FREQUENTLY ASKED QUESTIONS
A: Barton Drums are built and painted or wrapped at the Barton Musical Instrument Co., LTD in Tianjin, China. I directed the design of all fixtures and equipment. My Chinese partner, Ken Chou and I trained the craftsmen to do the work. I design every kit we build.
A lot of independent drum builders opt for Keller shells, which they then trick out. I don’t do off the shelf. I’m too picky.
I do outsource hardware. But designed starting with the vintage style lugs. I specified solid die cast hoops. The old-school tom legs and bass drum spurs have memory locks. It’s all solid stuff, heavy enough to increase my shipping costs.
A: I use the same premium woods that go into $2,000-$3,000 kits: mostly North American maple, European beech and birch.
I used a 45-degree inner edge and a rounded over outer edge on all my shells. That was the standard cut on the vintage kits we all love. I’m not a fan of the sharply peaked edges that became standard in the 1980s. It’s hard to tune out ugly overtones. That’s why you see drummers plastering their heads with tape and gel.

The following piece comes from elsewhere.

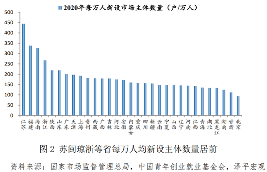 从每万人均新设市场主体数量看,江苏、福建、海南、浙江、陕西等省份创业活跃度高,甘肃较低。根据各省新设市场主体数量及人口,计算每万人均新设市场主体数量,表征创业活跃度。江苏创业活跃度最高,每万人新设市场主体数量达到444.1个,原因在于2020年江苏市场监管部门超前谋划,积极助力企业复工复产。出台支持企业平稳健康发展18条和支持企业复工复产12条措施,并联合相关部门出台支持个体工商户发展16条措施,帮助企业纾困解难,促进市场主体快速发展,营造良好市场环境。同时,抢抓时机,精心打造“一品牌一平台”。为进一步激发市场主体活力,江苏市场监管部门加强了监测分析,加大帮扶力度,优化市场准入服务,支持自贸区制度创新,规范平台集群注册,引导地摊经济健康发展,努力催生更多新的增长点;福建、海南、浙江、陕西、山东则分别占据第二到第六位,而甘肃相对靠后,每万人均新设市场主体数量不及江苏的一半。甘肃主要是因为其经济水平相对落后,2020年GDP在31个省级行政区排27位,人均GDP排名末位,因此创业活跃度较低。

Sound engineers tell me that microphones love Barton drums. It’s easy to get a gorgeous musical sound without a lot of compression, reverb and muffling. That round edge seats the head nice and perfect. The tone is huge in any tuning range, low to cranked.
I like light, resonant drums, but I’m not a fan of thin shells. They’re unstable. The sound gets mushy when you lay into them live. All Barton drums feature medium shells. I think that gives you the most attack and resonance. The toms and bass drums are usually 7 ply. The snares are 9 ply. Barton shells begin life perfectly round, with no gaps in the plus. They’re built to stay that way for a lifetime of playing.

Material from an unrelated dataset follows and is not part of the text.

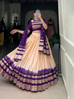 Lorenvalley Off White Pure Chanderi Plain With Zari Weaving Work Border Lehenga Choli - Free Size

A: Barton is a super-efficient boutique builder. My factory is tricked out with the with best available shell molds and computer-controlled drills and routers. Human craftsmen select the plies, cut and sand bearing edges and apply the eye-popping painted finishes and wraps Barton is known for.

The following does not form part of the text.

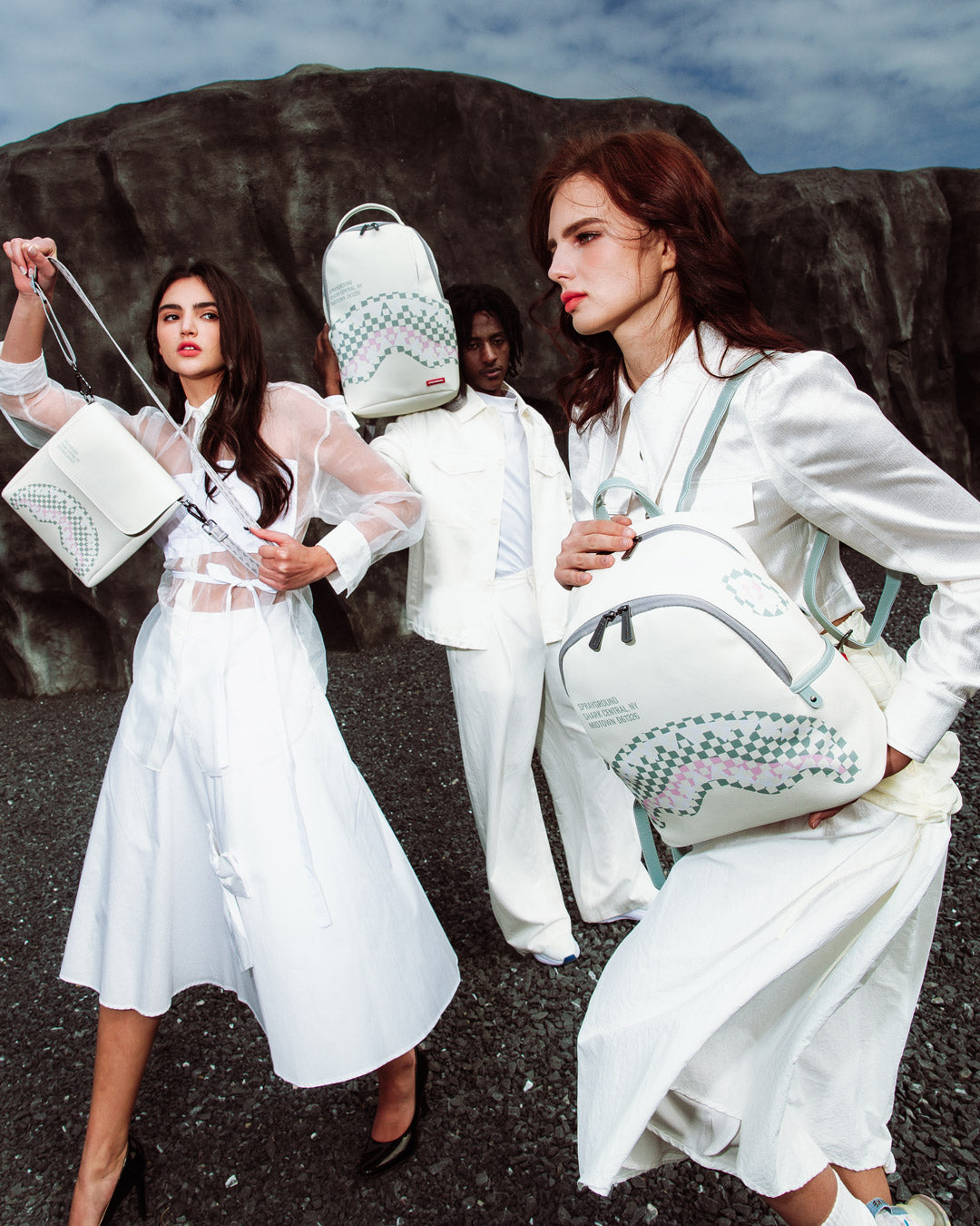 Dimensions: 10″ x 5″ x 11.5″ • Two large main zippered compartments • Side pockets • Zippered Stash pocket • Adjustable straps for custom sizing • Gold zippers with metal hardware

A: Forget about oddball sizes. I use the tried and true standard sizes. They’ve been proven to work in every genre, even metal. I saw 1969 footage of Black Sabbath playing live in Germany. Bill Ward is inventing big arena metal drumming on a standard four-piece Ludwig black oyster kit. Those kits were built for jazz drummers. Didn’t matter. Ward sounds like God rolling boulders across the sky.
It’s about air movement. You don’t want a huge cavern. The sound can’t bounce from one head to the other. Super deep bass drums go against the laws of physics. And micro drums? They sound like toys to me. Not an all-purpose choice. The standard sizes resonate naturally and beautifully.